Times 24776 – Why couldn’t I have been blogging yesterday’s?

Solving time: An hour and a half of constant struggle

I don’t know whether this was particularly tough, or if I just wasn’t on the right wavelength, but I found this a nightmare. I polished yesterday’s off in less than half an hour, my best for a while – why couldn’t I have been blogging that one? After half an hour, I think I had six in, and one of them turned out to be wrong! A few obscurities and a lot of fiendish wordplay made this so tough.

Lots of excellent clues to pick a COD from. I struggled to find any to omit from the blog – as it is I’ve only left out one. I think COMMANDO just gets it for sheer sneakiness, but 3, 4, 9, 12 & 26 were all very good too.

cd = cryptic def., dd = double def., rev = reversal, homophones are written in quotes, anagrams as (–)*, and removals like this

Across
1 GNOMIC = (COMING)* – I didn’t know the word, and the natural surface made the wordplay hard to spot
5 SH(A + DD)OCK – Another obscure word I didn’t know – it’s another name for the pomelo, evidently (no, that didn’t help me much either)
9 FRONTAGE = chaiN on FRO (back) + (GATE)*
10 GENOME = EG about MONEy all rev
11 MORSE + L
12 R(gOaL)EPLAY
14 EAT ONES WORDS = (TO ANSWER DOES)*
17 TIPPING POINT – dd – I originally put TURNING POINT, and it took me a while to spot the mistake.
20 OVERHANG = project, but I can’t decipher the wordplay. Richnorth has it – game (meat) is hung to allow it to mature – to overhang it would be to allow it to go off.
22 C + RAVEN
23 SNIVEL = LEVIN’S rev – Konstantin Levin is the hero in Tolstoy’s Anna Karenina
25 SC(I + MIT)AR
26 HIT + TI(markeT)ES
27 G + ANGER
Down
2 NARROW = WORRy + AN all rev
3 MINES + WEE + PE + Required
4 CHAR(LA)T + A + showN
5 S(WEAR)IN
6 deliberately omitted
7 DAN = (AND)* – Another hard to spot anagram due to the natural surface
8 COMMA + N + DO – Very devious, using a piece of punctuation as part of the wordplay
13 PROSTRATION = POST RATION about R
15 ST(ITCH)ING
16 GIOVANNI = (VAIN GO IN)* – Don Giovanni is a famous opera by Mozart
18 PurE + GAS + US
19 DE(BAT)E
21 bALLOTs
24 VET = invoicE in TV rev

48 comments on “Times 24776 – Why couldn’t I have been blogging yesterday’s?”

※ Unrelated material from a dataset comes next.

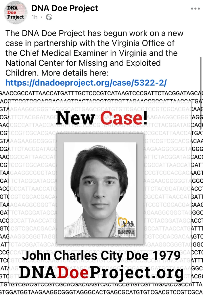 The National Center for Missing and Exploited Children will be providing funding for the DNA Doe Project to work on Charles City John Doe 1979 (NamUs #UP9398). He does not have a thread here.I get only a blank white screen when I click on that link. Can you tell me what it showed?

  1. Ecstatic to finish this correctly in just 5 Biddlecombes and get my name on the front page of the leaderboard, albeit in the early hours of Friday morning UK time.

    The beauty of this puzzle was that very little could go in without at least partial wordplay understanding. COD to the very creative COMMANDO, where the use of the word to stand for a unit, and hence soldiers (plural), made the clue even cleverer. Last in SWEAR IN, another fine clue, as they all were.

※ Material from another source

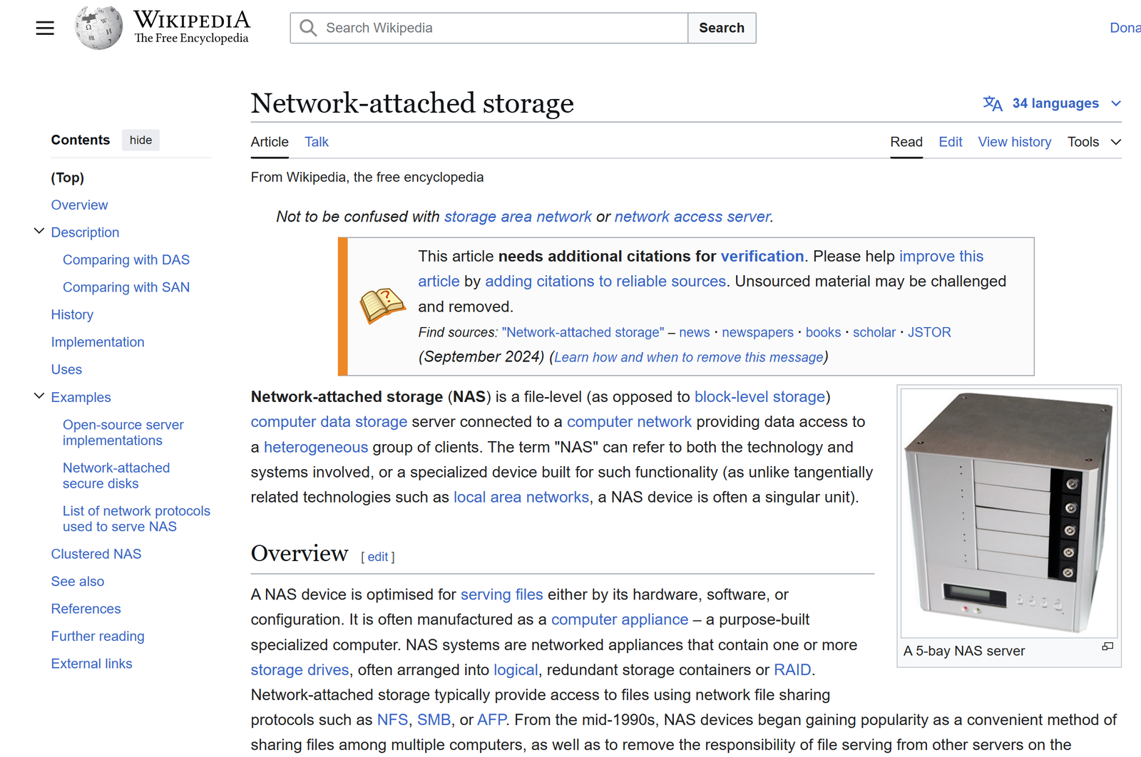 There are several brands of NAS devices, e.g., Synology, Qnap and Asustor. My personal preference is Synology.

    I wonder if anyone else invented a Russian hero called ‘Ins’ to keep ‘Lev’ company at 23 ac, or ever – squirms in embarrassment – had ‘glover’ at 27 for George Foreman?

  2. 37:25 .. just brilliant. I’m filled with admiration, especially for the ridiculous and wonderful COMMANDO.

    Last in: SWEAR IN

    Dave – I hereby dub thee a Knight of the Order of the Short Straw. Well done, sir.

  3. I was baffled for a while by 20ac, Dave, but the second part of the clue refers to letting game hang for too long, ie go off.
  4. At 43 minutes, this took me twice as long as any of this week’s others, and I’m surprised I finished so fast. CODs all the hell over the place, but 8 takes the cake (or biscuit, if you will). Just a wonderful puzzle, worth all the effort; now I’m going to have a drink. Dave, you deserve one, nay, two; o-tsukaresama (お疲れさま), as we say in Japan.
  5. Queen Sotira has spoken! And Thou art indeed so dubbed, Sir Dave.

    Took me 52 minutes to see through this one but, as they say, it’s a fine line between pleasure and pain. The hardest Friday since Sabine gave up the gig. My COD goes to 14ac for sheer creativity.

    Edited at 2011-02-18 04:33 am (UTC)

  6. Phew, when you get a crossword with GNOMIC SHADDOCK across the top, you know it’s going to be tough. And when there’s no mention of a fish in the shaddock clue, you know it’s going to be extra tough.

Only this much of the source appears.